Jenny Legris (‘Mauritian’ married name) expressed her surprise at the sheer number of mispronunciations she has experienced for such a short surname, and how she had never encountered problems with her maiden name (Taylor) of the same length. Despite her love for her married surname, she indicated that it would have been easier to have held a complicated ‘white British’ surname. She said, "a few times I wish I had been Mrs Bennett, it’s easier, I mean, I’d even cope with a double N, double T or one N, two Ts, or one N and one T...’. Moreover, Jenny said that: ‘none of my teacher friends get the name wrong’, and this has made her a bit impatient when it is pronounced incorrectly ‘in...other walks of life’. She questioned, "Why are you saying it wrong?...other people can get it right".

One of my minority ethnic participants, Jamal Hassan Hamdaoui (‘Arabic’ name) described times when people have attempted to pronounce his name and how he feels that, "they’re trying to project that they’re making an effort to say your name". Indeed, Jamal explained that, "they’ll always say it wrong, like always...and I get people putting Bs in there". Jamal argued that such issues originate from, "the fact that there’s a construct of how you say these names and people are trying to find it...they’re looking for the...Ahmed or whatever, and they look at it and because it’s such an unfamiliar Arabic name, people always stutter with it".

Unlike footballers, my participants do not have sufficient influence to address what could be conceived as the disrespectful treatment of their surnames.
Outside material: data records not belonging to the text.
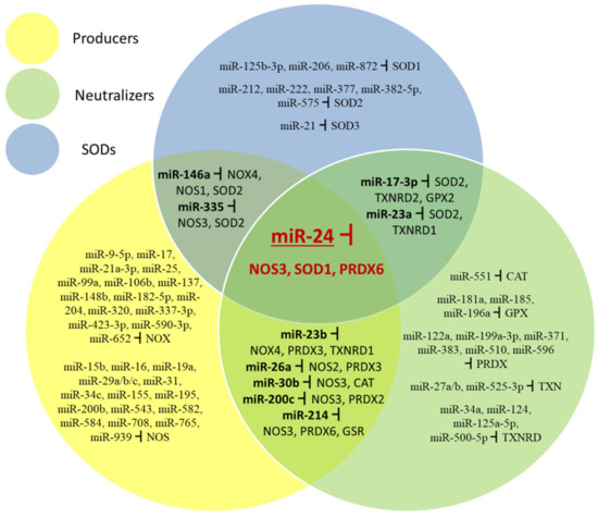 MiR-17-3p can target SOD2, TXNRD2 and GPX2 and miR-23a SOD2 and TXNRD1 transcripts affecting elements of conversion and neutralization of H2O2. MiR-23b can target NOX4, TXNRD1 and PRDX3; miR-26a NOS2 and PRDX3; miR-30b NOS3 and CAT; miR-200c NOS3 and PRDX2; miR-214 NOS3, PRDX6 and GSR transcripts affecting producing and neutralizing steps of the redox system. MiR-146a targets NOX4, NOS1 and SOD2 and miR-335 targets NOS3 and SOD2 transcripts which affect superoxide production and conversion. One miRNA (miR-24) affects all three elements of the ROS/RNS system, NOS3, SOD1, and PRDX6 transcripts.
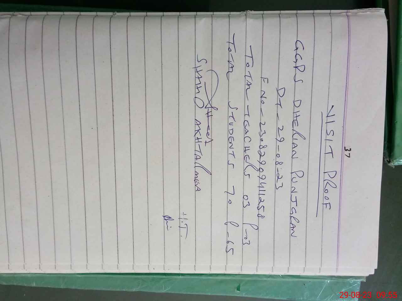 | Attendance Register | Head Teacher | MEA with School | Visit Proof |
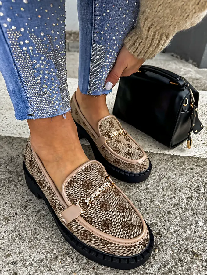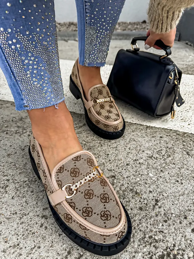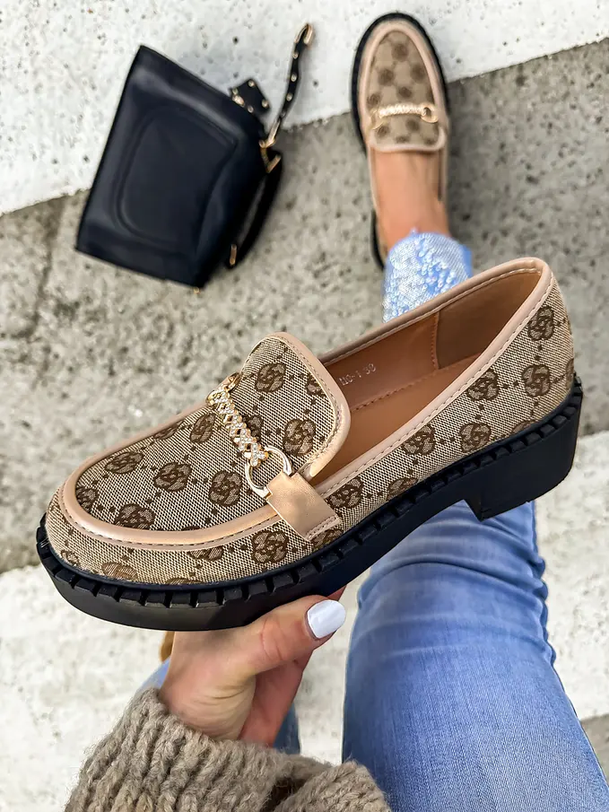 Vzorované mokasíny so zlatou ozdobou AVAH-
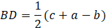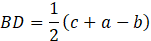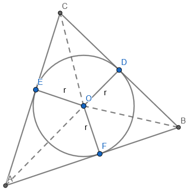 Oznaczmy AB jako c, BC jako a, zaś CA jako b. Zauważmy, że z twierdzenia o odcinkach stycznych zachodzi:
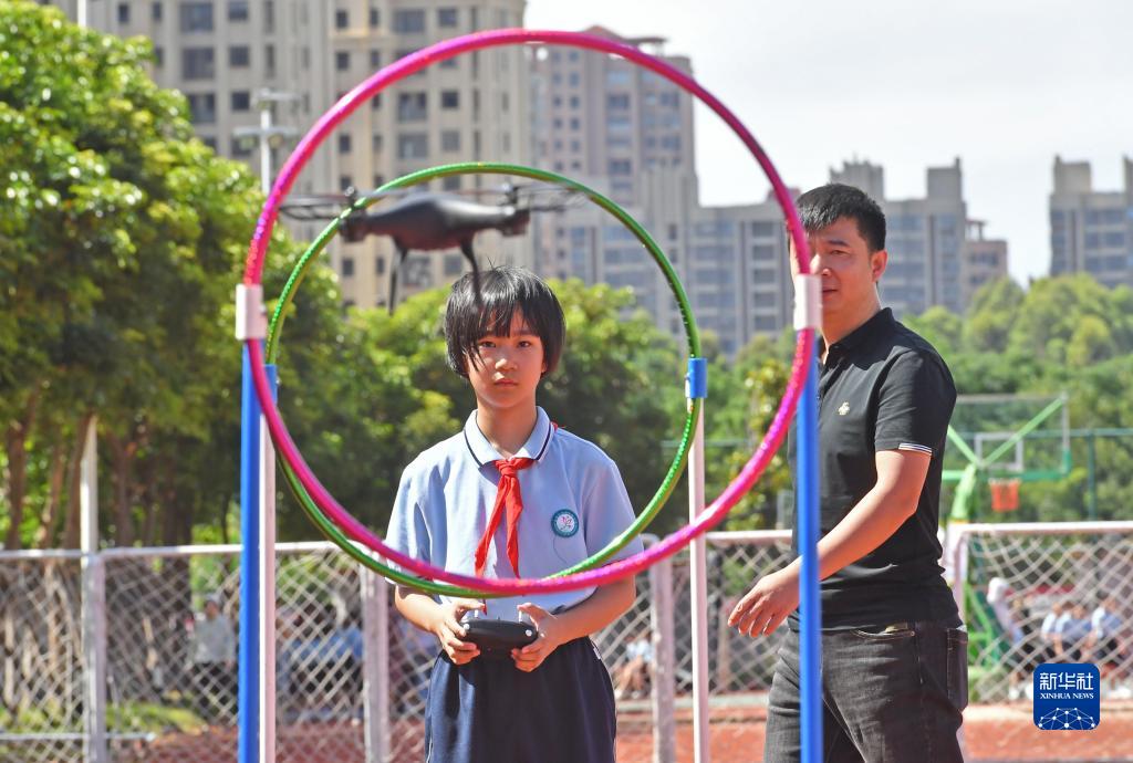 5月29日,在福建省泉州市泉港區益海實驗小學“六一”青少年宮展演現場,一名學生在表演無人機穿越障礙。
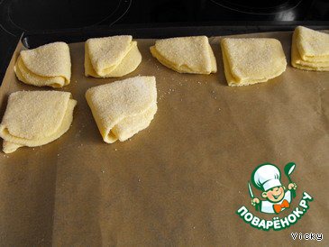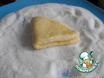 Получившийся полукруг опять обмакнуть в сахар и снова сложить сахаром внутрь
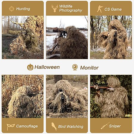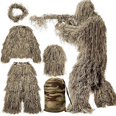 MOPHOTO 5 in 1 Ghillie Suit 3D Camouflage Hunting Suits - Jacket, Pants, Hood, Carry Bag for Adults & Youth, M/L/XL/XXL for $22.78
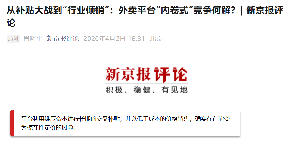 补贴从2025年持续至2026年,早已超出促销范畴;新进入的大平台明显意在抢夺份额、独占市场,这与“掠夺性定价”特征高度吻合。
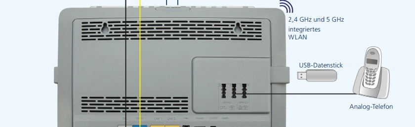 Beim Gigaset A400 handelt es sich um ein normales analoges Telefon mit Anrufbeantworter. Um es mit der o2 Homebox zu verbinden, steckt man den TAE-Stecker der Gigaset-Basis in die TAE-Buchse der o2 Homebox.
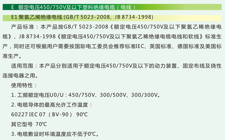 1聚氯乙烯絕緣電線(GB/T5023-2008、JB8734-1998)

One has to wonder what kind of discriminatory and anti-migrant views lie behind the phenomena that is being unable to say foreign surnames. After all, my interview quotes suggest that problems of pronunciation derive not from the complexity or length of a surname, but from the conceived otherness of of it.

Dr Emily Wykes has recently completed her PhD at the University of Nottingham, with a thesis entitled ‘The Racialisation of Names: Names and the Persistence of Racism in the UK’.

* Pseudonym names have been used to protect the participants’ anonymity.